CISA started its incident response on Friday, May 15, 2026, after an investigative reporter contacted the agency about internal AWS GovCloud credentials visible in a public repository.

The reporter had received information from a security researcher whose company continuously scans public repositories for exposed secrets. The researcher continued providing information during CISA’s investigation.

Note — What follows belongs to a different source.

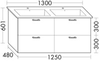 FORMAT Design Waschtisch-Unterschrank WVMM125, 1250 x 480 x 601 mm, 2 Schubladen/2 Auszüge

In its Lessons from CISA’s Cyber Incident report, the agency said its Office of the Chief Information Officer immediately focused on eliminating the public exposure and preventing further harm.

Incident detailFinding
Initial notificationAn investigative reporter contacted CISA on May 15, 2026
Repository ownerA contractor using a personal GitHub account
Exposed resourcesAWS GovCloud keys, credentials, infrastructure code, and deployment files
Confirmed misuseCISA found no external use of the exposed credentials
Data impactNo customer or mission data was found exposed

A contractor copied CISA code to a personal account

The exposed repository did not belong to CISA’s official GitHub organization.

CISA determined that a contracted employee copied build and deployment repositories into a personal GitHub account. The contractor reportedly wanted to automate the creation of cloud infrastructure.

The repository also contained administrative and build credentials connected to the development environment. This combination created greater risk because the credentials appeared alongside technical information explaining how the environment worked.

The public repository contained 844MB of data

GitGuardian’s account of the discovery says the repository contained approximately 844MB across its working tree and Git history.

The material included CI/CD logs, Terraform code, Kubernetes manifests, ArgoCD files, GitHub Actions workflows, internal documents, scripts, and credential-related configuration files.

Researchers also identified AWS tokens, plaintext passwords, and Microsoft Entra ID SAML certificates. Some credentials reportedly remained valid when researchers examined the repository.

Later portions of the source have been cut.